Embedded nanoparticle films and method for their formation in selective areas on a surface
Abstract
The invention is directed to a method of positioning nanoparticles on a patterned substrate. The method comprises providing a patterned substrate with selectively positioned recesses, and applying a solution or suspension of nanoparticles to the patterned substrate to form a wetted substrate. A wiper member is dragged across the surface of the wetted substrate to remove a portion of the applied nanoparticles from the wetted substrate, and leaving a substantial number of the remaining portion of the applied nanoparticles disposed in the selectively positioned recesses of the substrate. The invention is also directed to a method of making carbon nanotubes from the positioned nanoparticles.
Claims
exact text as granted — not AI-modified1 . A method of positioning nanoparticles on a patterned substrate, the method comprising:
providing a patterned substrate with selectively positioned recesses; applying a solution or suspension of nanoparticles to the patterned substrate to form a wetted substrate; and dragging a wiper member across a surface of the wetted substrate to remove a portion of the applied nanoparticles from the wetted substrate such that a substantial number of the remaining portion of the applied nanoparticles are disposed in the selectively positioned recesses.
2 . The method of claim 1 further comprising heating the wiped substrate with the remaining portion of the applied nanoparticles disposed in the selectively positioned recesses.
3 . The method of claim 1 wherein the nanoparticles are of substantially uniform mean diameter from about 2 nm to 50 nm.
4 . The method of claim 3 wherein the nanoparticles have a mean diameter from about 1 nm to about 10 nm.
5 . The method of claim 1 , wherein the mean diameter of the positioned recesses is between one and two times the mean diameter of the nanoparticles.
6 . The method of claim 1 further comprising contacting the wiped substrate with a wash solution followed by dragging the wiper member across the wash-contacted surface of the substrate, and heating the washed substrate with the remaining portion of the applied nanoparticles disposed in the selectively positioned recesses.
7 . The method of claim 1 wherein the wiper member is an elastomeric member with a uniform edge.

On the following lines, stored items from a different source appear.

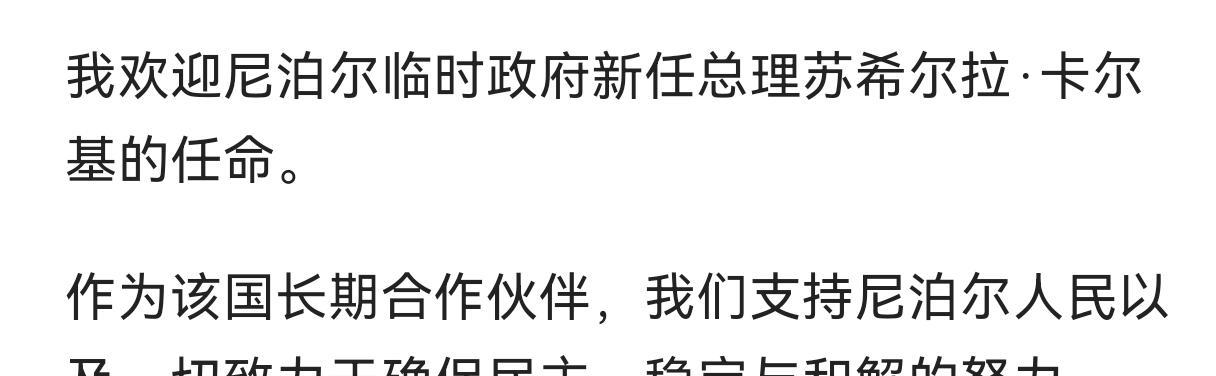 美西方在我们周边策划颜色革命,必须警惕。只要不听美西方的话,就能轻易策反成功,这太可怕。就像是俄罗斯,被颜革的乌克兰宁愿战斗到最后一个乌克兰人,被洗脑到死都要去做美西方的好生活。我们也要做各国的思想工作,不要妄想他们能自主觉醒。 “我欢迎尼泊尔临时政府新任总理苏希尔拉·卡尔基的任命。 作为该国长期合作伙伴,我们支持尼泊尔人民以及一切致力于确保民主、稳定与和解的努力。”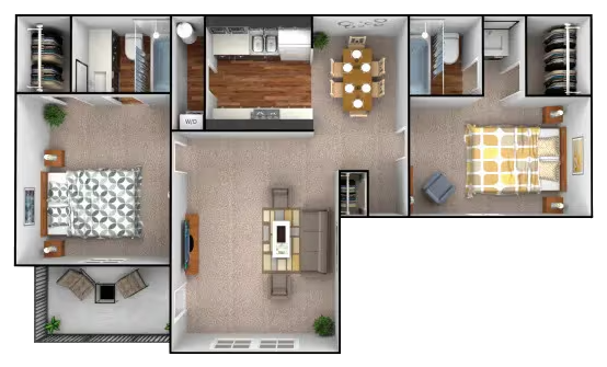 2 Dormitorios, 2 Baños, 841 pies²Disponible AhoraGalería del Modelo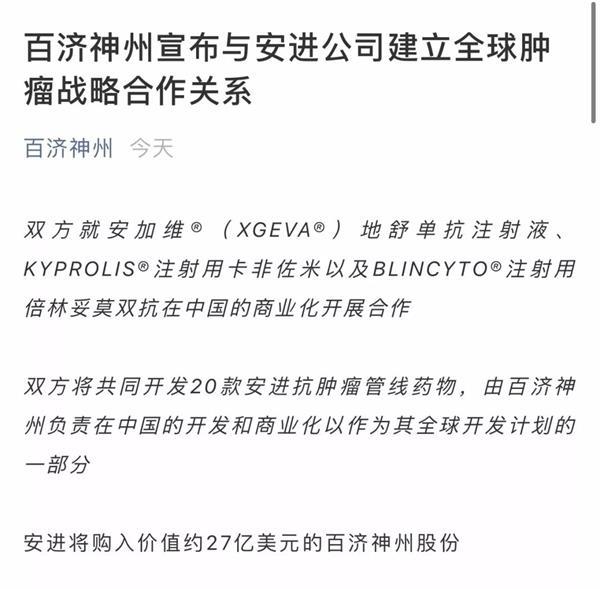 除了股权收购,安进与百济神州此次还达成了全球肿瘤战略合作关系,将合作进行产品在中国的商业化以及管线产品的临床开发。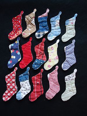 Title (ebay affiliate link): 15 PRIMITIVE ANTIQUE CUTTER QUILT CHRISTMAS MINI SANTA STOCKINGS
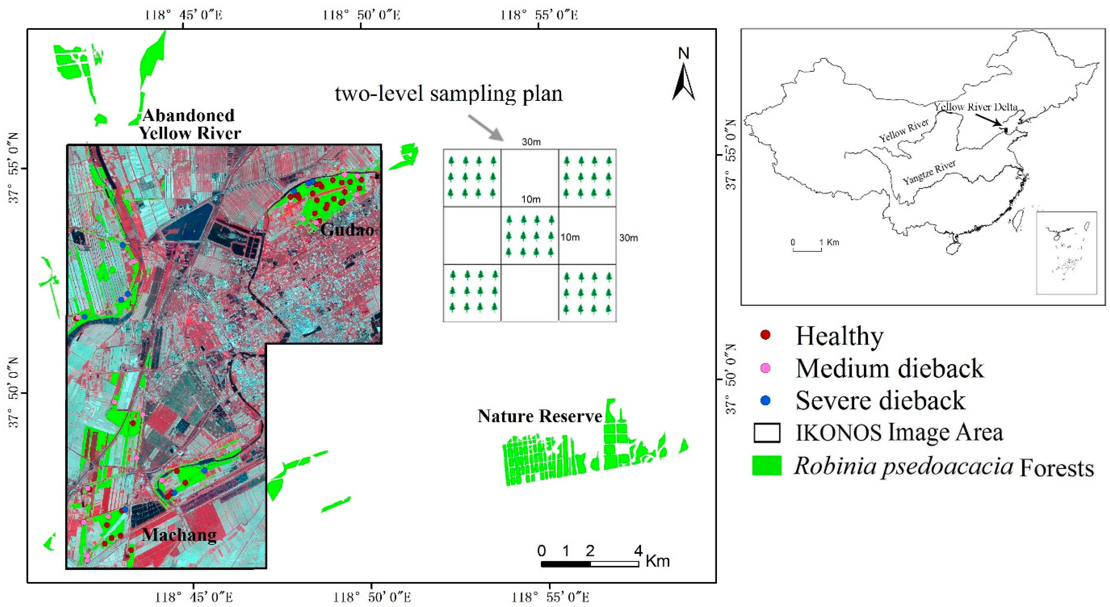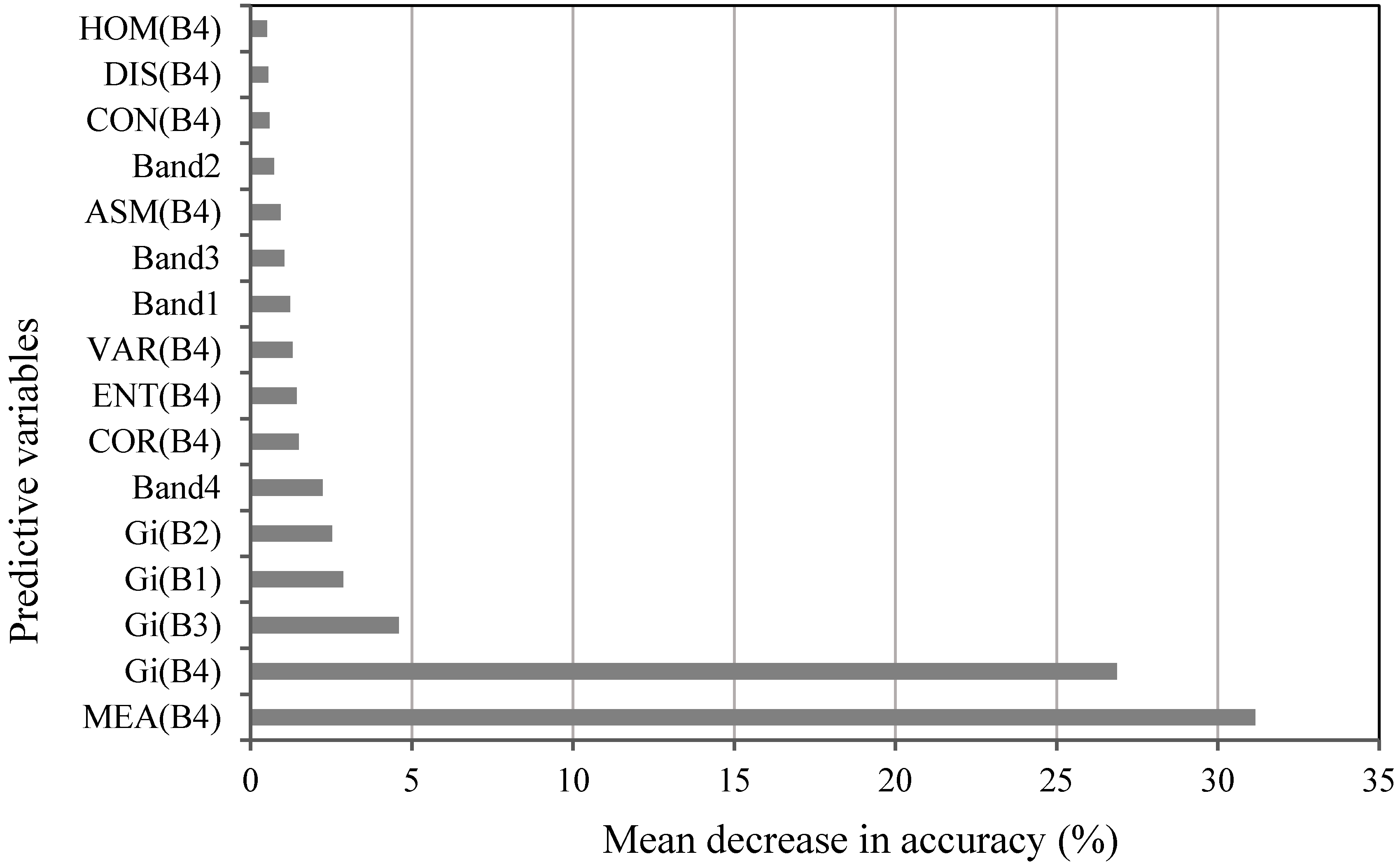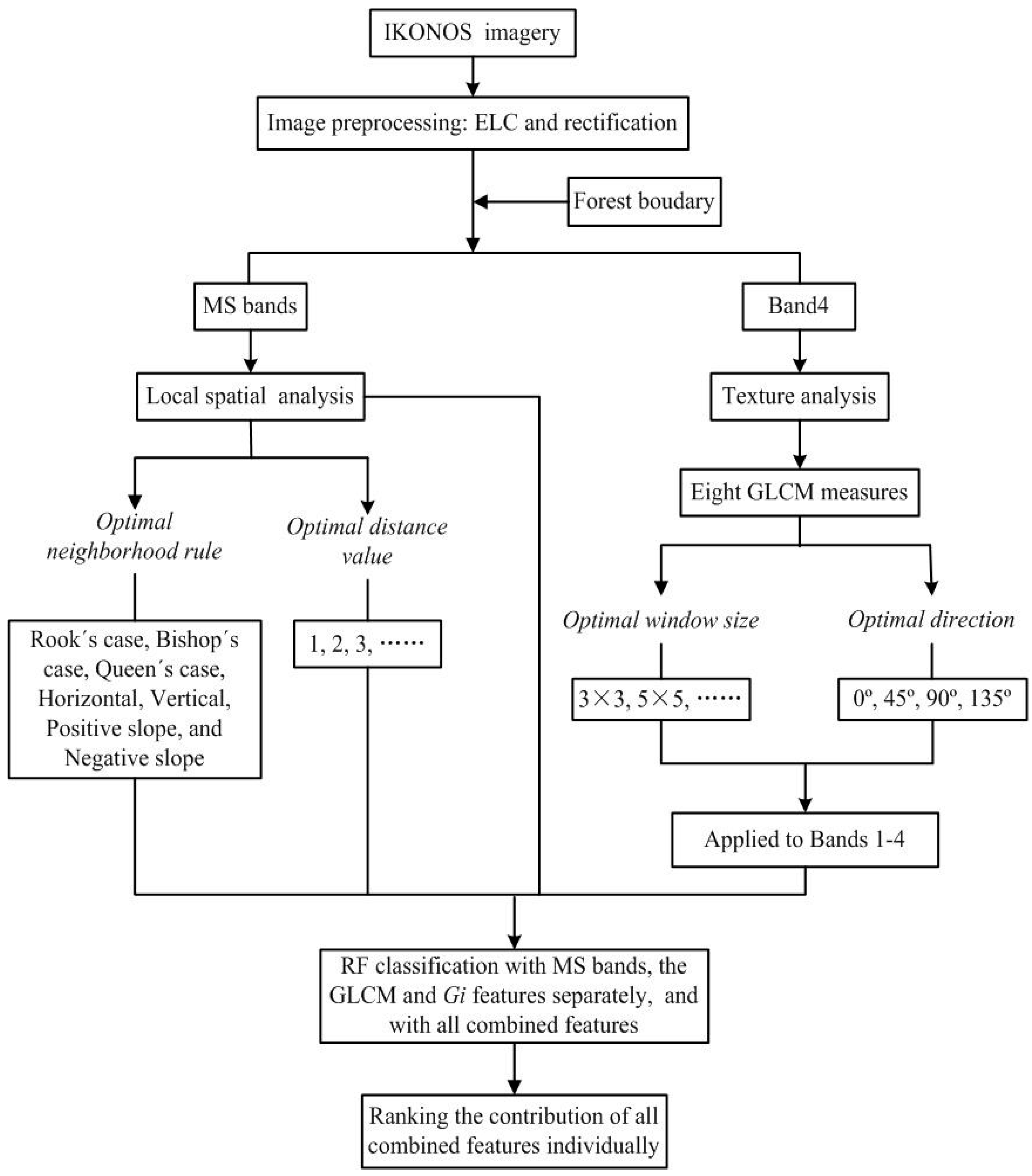 The textural and spatial information extracted from very high resolution (VHR) remote sensing imagery provides complementary information for applications in which the spectral information is not sufficient for identification of spectrally similar landscape features. In this study grey-level co-occurrence matrix (GLCM) textures and a local statistical analysis Getis statistic (Gi), computed from IKONOS multispectral (MS) imagery acquired from the Yellow River Delta in China, along with a random forest (RF) classifier, were used to discriminate Robina pseudoacacia tree health levels. Specifically, eight GLCM texture features (mean, variance, homogeneity, dissimilarity, contrast, entropy, angular second moment, and correlation) were first calculated from IKONOS NIR band (Band 4) to determine an optimal window size (13 × 13) and an optimal direction (45°). Then, the optimal window size and direction were applied to the three other IKONOS MS bands (blue, green, and red) for calculating the eight GLCM textures. Next, an optimal distance value (5) and an optimal neighborhood rule (Queen’s case) were determined for calculating the four Gi features from the four IKONOS MS bands. Finally, different RF classification results of the three forest health conditions were created: (1) an overall accuracy (OA) of 79.5% produced using the four MS band reflectances only; (2) an OA of 97.1% created with the eight GLCM features calculated from IKONOS Band 4 with the optimal window size of 13 × 13 and direction 45°; (3) an OA of 93.3% created with the all 32 GLCM features calculated from the four IKONOS MS bands with a window size of 13 × 13 and direction of 45°; (4) an OA of 94.0% created using the four Gi features calculated from the four IKONOS MS bands with the optimal distance value of 5 and Queen’s neighborhood rule; and (5) an OA of 96.9% created with the combined 16 spectral (four), spatial (four), and textural (eight) features. The most important feature ranked by RF classifier was GLCM texture mean calculated from Band 4, followed by Gi feature calculated from Band 4. The experimental results demonstrate that (a) both textural and spatial information was more useful than spectral information in determining the Robina pseudoacacia forest health conditions; and (b) the IKONOS NIR band was more powerful than visible bands in quantifying varying degrees of forest crown dieback. View Full-Text

8 . The method of claim 5 wherein the wiper member comprises polydimethylsiloxane.
9 . One-dimensional materials prepared from the selectively positioned nanoparticles of claim 2 , wherein the nanoparticles are catalytic sites for the growth of the one-dimensional materials.
10 . The one-dimensional materials of claim 9 wherein the diameter of the one dimensional materials is controlled by the diameter of the positioned nanoparticle.
11 . The one-dimensional materials of claim 10 being carbon nanotubes formed by chemical vapor deposition.
12 . A method of making carbon nanotubes comprising:
providing a patterned substrate with selectively positioned recesses; applying a solution or suspension of nanoparticles to the patterned substrate to form a wetted substrate; dragging a wiper member across a surface of the wetted substrate to remove a portion of the applied nanoparticles from the wetted substrate such that a substantial number of the remaining portion of the applied nanoparticles are disposed in the selectively positioned recesses; heating the wiped substrate with the remaining portion of the applied nanoparticles disposed in the selectively positioned recesses to form catalytic sites on the heated substrate; and forming the carbon nanotubes from the catalytic sites.
13 . The method of claim 12 wherein the nanoparticles comprise an iron oxide.
14 . The method of claim 12 further comprising contacting the wiped substrate with a wash solution followed by dragging the wiper member across the wash-contacted surface of the substrate.
15 . The method of claim 12 wherein the formed carbon nanotubes have a mean diameter of from 10 nm to 50 nm.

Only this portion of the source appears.